Option D.3 – Analgesics
D.3.1 – Describe and explain the different ways that analgesics prevent pain
The pain receptors in the body are essential for triggering a response that protects it from damage. It is part of our body’s defence system. They also send messages to the brain so that the location of an injury, disease, movement or environmental stress is known. Pain is activated by the presence of prostaglandins. These constrict blood vessels, affect the hypothalamus (which regulates body temperature, leading to fever) and increase the permeability of the capillaries, leading to swelling.
Analgesics releive pain by interfering with the pain receptors. Since pain can be debiliating, relief is sometimes essential. There are two types of analgesics, which act differently:
Mild Analgesics – These prevent the production of prostglandins and therefore the symptoms of pain. Essentially, the intercept the pain stimulus at its source (the nerve endings) so that the message is never sent to the brain and spinal cord. Paracetamol acts differently, since it prevent the release of prostglandins in the brain, rather than the origin of the pain. All mild-analgesics are non-narcotics because they do not affect the functioning of the brain.
Strong Analgesics – These bind to the receptor sites in the brain so that the pain impulses cannot be transmitted further, without depressing the central nervous system. In this way, they alter the brain’s perception of pain. These act in the same manner as natural painkillers (endorphins and enkephalins). Their analgesic effect is only temporary, but is more powerful than that of natural painkillers. Since they affect the functioning of the brain, they are called narcotics.
D.3.2 – Describe the use of derivatives of salicyclic acid as mild analgesics and compare the advantages and disadvantages of using aspirin and paracetamol (acetaminophen)
Aspirin
This is a mild analgesic, called acetyl salicyclic acid. The addition of the acetyl group reduces its acidity, which is important because salicyclic acid is a strong acid that is irritating to the stomach and often induces vomiting.
Aspirin is an ester that has many of the same properties of salicyclic acid, in that it gives relief from minor aches and pains, reduces fever (also called antipyretic effect), acts as an anti-inflammatory agent and as an anti-clotting agent.
Paracetamol
This is another mild analgesic, also called acetaminophen. Its structure is very different to aspirin, as it is an amide. Unlike aspirin, it does not have as many side-effects, but also does not reduce inflammation. It is possible to overdose on paracetamol and cause fatal damage, especially if taken with alcohol.
D.3.3 – Compare the structures of morphine, codeine and diamorphine (heroin, a semi-synthetic opiate)

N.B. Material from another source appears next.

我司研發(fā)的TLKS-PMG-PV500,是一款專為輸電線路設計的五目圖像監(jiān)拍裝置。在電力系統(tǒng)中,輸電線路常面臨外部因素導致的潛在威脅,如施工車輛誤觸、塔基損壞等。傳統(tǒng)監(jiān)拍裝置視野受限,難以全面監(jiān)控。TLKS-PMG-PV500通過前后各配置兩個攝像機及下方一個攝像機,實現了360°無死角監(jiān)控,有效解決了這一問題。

Morphine, codeine and diamorphine are all opiates. They are narcotics, which act as analgesics, giving the user a sense of euphoria, peace, tranquillity, loss of feeling and sometimes paralysis. They can also cause constipation, constriction of the pupil in the eye and suppression of the cough reflex. In terms of strength, they are ordered:
All the compounds have similar structures:
- alkene
- aromatic ring
- ether
- tertiary amine functional groups
The structures above show that each has variation in their functional groups.
Codeine – benzene ring, two ether groups, alkene, one alcohol group and a tertiary amine
Morphine – benzene ring, one ether, alkene, two alcohol groups and a tertiary amine
Heroin – benzene ring, one ether, alkene, two ester-ethanoate groups and a tertiary amine
Heroin is produced in a condensation reaction between morphine and ethanoic acid, forming an ester linkage. It is a semi-synthetic drug because it can be found naturally, but is usually produced in this reaction of morphine:
Heroin is more effective because it is a more lipid-soluble molecule. This allows it to cross the blood-brain barrier more easily.

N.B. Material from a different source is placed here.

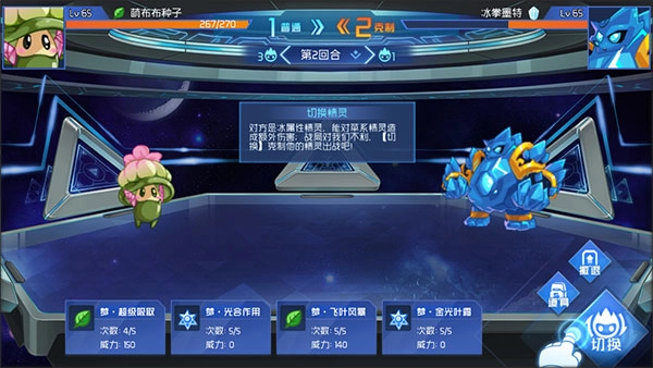 4、精灵之间存在属性相生相克的关系,你可点击切换精灵,针对性地应对,从而更有效地击败对手。

D.3.4 – Discuss the advantages and disadvantages of using morphine and its derivatives as strong analgesics
Short-Term Effects
Morphine is a much stronger analgesic than any other compound. However, it is also very addictive, and must be injected. Addiction leads to mental fogginess and mood swings.

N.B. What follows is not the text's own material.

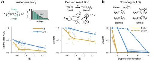 For the counting task in c, the indexed symbols (e.g., $`\mathrm{A}_\mathrm{1}`$ or $`\mathrm{X}_\mathrm{3}`$) denote distinct stimuli. For each string, there is a single target defined for the last filler element $`\mathrm{X}_\mathrm{j}`$ and corresponding to the correct dependent item $`\mathrm{B}_\mathrm{i}`$. Here an epoch consists of single presentations of all unique strings allowed by the task parameters, and we set $`\mathcal{E}^\mathrm{CS}_\mathrm{train}=250`$ and $`\mathcal{E}^\mathrm{AKF}_\mathrm{train}=500`$, as well as $`\mathcal{E}_\mathrm{test} = 100`$ for both models.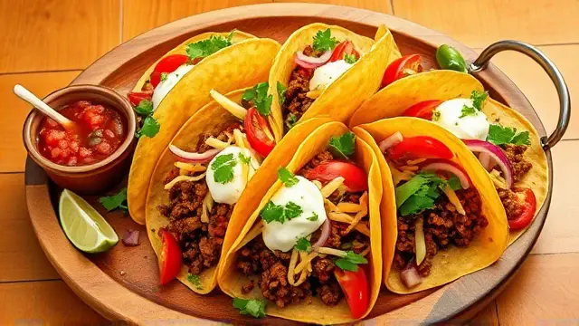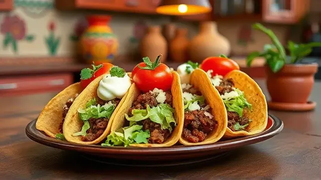 # Kay's Flavorful Taco Seasoning Mix 🌮🌶️ Tacos are a delightful way to bring fun and flavor to your dinner table, and there's nothing quite like homemade seasoning to elevate your tacos to the next level! Kay's Taco Seasoning Mix is simple to prepare, packs a punch of flavor, and can be used in countless ways. Whether you're making classic beef tacos or experimenting with vegetarian options, this mix is sure to impress your family and friends! ## Ingredients ### For the Taco Seasoning Mix - 3 tablespoons chili powder - 2 tablespoons flour - 2 teaspoons ground cumin - 2 teaspoons dried oregano (crushed) - ½ teaspoon onion powder - ½ teaspoon garlic powder - ½ teaspoon salt - ½ teaspoon cayenne pepper ### To Make Tacos - 1 pound ground beef (or your choice of protein) - 1 finely chopped onion - 2 tablespoons chopped canned green chilies - ½ head shredded lettuce - 4 plum tomatoes (chopped) - 1 green onion (finely chopped) - 1½ cups shredded cheddar cheese - 1 cup salsa - ½ cup sour cream - 6 taco shells (soft or hard, your choice!) ## Instructions 1. **Mix It Up**: In a plastic zip-type bag, combine all the seasoning ingredients. Seal the bag and shake until completely mixed. This will make about ½ cup of taco seasoning mix. > 💡 Store any leftover seasoning mix in an airtight container for future taco nights! It’s great for quick meals or adding flavor to soups and stews. 2. **Cook the Meat**: In a skillet, brown 1 pound of ground beef with one finely chopped onion and 2 tablespoons of chopped green chilies. > 👨🍳 For a healthier twist, try ground turkey or a plant-based meat alternative! 3. **Season It**: Once the meat is fully cooked (about 10 minutes), drain off excess fat and stir in about ½ cup of the taco seasoning mix. > 🔥 Feel free to adjust the amount of seasoning based on your spice preference! 4. **Assemble Tacos**: Divide ½ head of shredded lettuce among the 6 taco shells. Fill each shell with the seasoned meat mixture, chopped tomatoes, green onion, shredded cheddar cheese, and top with salsa and sour cream. > 🧄 Want more variety? Add some avocado or guacamole for extra creaminess! ## Tips & Variations - **Vegetarian/Vegan Option**: Substitute the ground beef with black beans, lentils, or a meat substitute. Just adjust cooking times accordingly! - **Spice Level**: For extra heat, add more cayenne pepper or some diced jalapeños to your meat mixture. - **Meal Prep**: Double or triple the seasoning mix and store it for easy taco nights in the future. Enjoy your taco night with Kay’s flavorful taco seasoning mix, and make every bite count! 🌮🎉name

Heroin is stronger and more addictive than morphine. It is also more dangerous because it depresses the central nervous system, causes respiratory depression, drowsiness and decreases gastrointestinal movement (which in turn causes constipation, nausea and vomiting). Tolerance develops very quickly, so it is not used for medical purposes. Immediate effects include a sense of well-being, dulling of pain, lowered fear and tension.
Long-Term Effects
Heroin use leads to constipation, reduced libido and appetite, and poor nutrition. If addicts try to quit, they will experience unpleasant withdrawal symptoms, such as cold sweats and anxiety. It is also very costly, and is illegal to deal in most countries. Some addicts will use crime to obtain the money for it. There is also higher risk of contracting HIV due to needle-sharing, as heroin must be taken intravenously. Its use is also associated with serious health conditions such as collapsed veins, spontaneous abortion and infectious diseases.
On the other hand, whilst codeine is only 10% as effective, it is not addictive, which makes it safer than morphine. In some places, it is available over the counter.